[Date Prev][Date Next]
[Chronological]
[Thread]
[Top]
RE: back-meta (Was: (ITS#3971) slapo-glue dissolving after one query)
- To: "Perry Nguyen" <pfnguyen@best.com>
- Subject: RE: back-meta (Was: (ITS#3971) slapo-glue dissolving after one query)
- From: "Pierangelo Masarati" <ando@sys-net.it>
- Date: Tue, 30 Aug 2005 18:31:23 +0200 (CEST)
- Cc: openldap-software@OpenLDAP.org
- Importance: Normal
- In-reply-to: <200508301621.j7UGLlbn017852@ares.gofti.com>
- References: <430E4876.4060007@sys-net.it> <200508301621.j7UGLlbn017852@ares.gofti.com>
- User-agent: SquirrelMail/1.4.3a-1
> I don't think any of our emails made it to the list...
Well, a couple of them apparently did :)
>
>> -----Original Message-----
>> From: Pierangelo Masarati [mailto:ando@sys-net.it]

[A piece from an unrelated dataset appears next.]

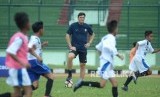 Legenda Inter Milan Javier Zanetti hadir sekaligus memberikan bimbingan langsung pada anak didik pada peluncuran Akademi Persib yang merupakan partnership program bersama Inter Academy di Stadion Siliwangi, Kota Bandung, Selasa (13/2). (FOTO : Republika/Edi Yusuf)

>> Sent: Thursday, August 25, 2005 3:39 PM
>> To: Perry Nguyen
>> Cc: 'openldap-software@openldap.org
>> Subject: Re: back-meta (Was: (ITS#3971) slapo-glue dissolving
>> after one query)
>>
>> Perry Nguyen wrote:
>>
>> >1, yes, this error still occurs when no gluing is going on,
>> I have the full
>> >loglevel -1 trace and commands used/input at
>> >http://w3.gofti.com/~pfnguyen/openldap/ldapsearch-bad-meta.txt
>> >
>> >
>> I haven't gone into details yet, but I believe this issue
>> with back-meta
>> may have been cured in current re23 (i.e. code candidate for
>> release as
>> next 2.3). Similar behavior was observed some time because
>> ldap_result() after asynchoronous bind was called with 0
>> timeout, i.e.
>> for a poll. This has been reported to result in a storm of
>> pollings. I
>> wonder if you can give it a quick try.

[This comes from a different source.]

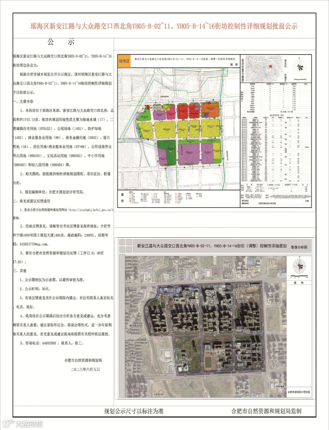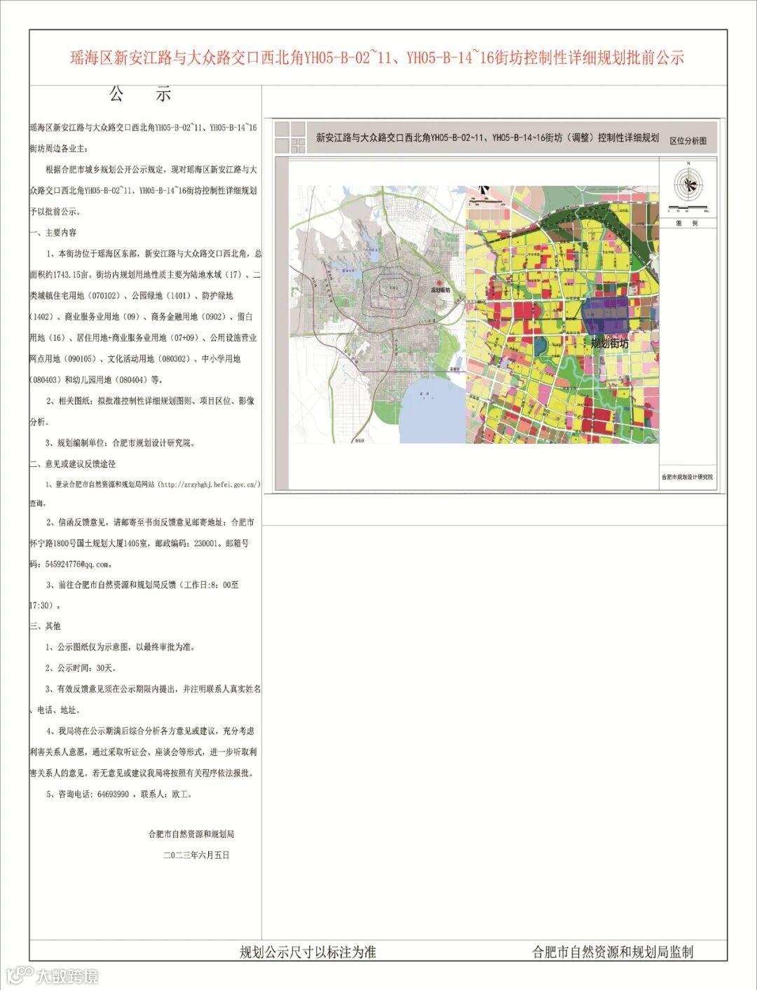 市自然资源与规划局网站公示了瑶海区新安江路与大众路交口西北角YHO5-B-02~11、YHO5-B-14~16街坊控制性详细规划批前公示。

I didn't have much time to look at your logs; however, it appears that few
of them actually have to do expressly with back-ldap or back-meta;
significantly, all those involving ldaps:// seem to have mostly to do with
certificate checking (I couldn't tell if on the reomte or the local
server's side). I suggest we try to work each issue out separately.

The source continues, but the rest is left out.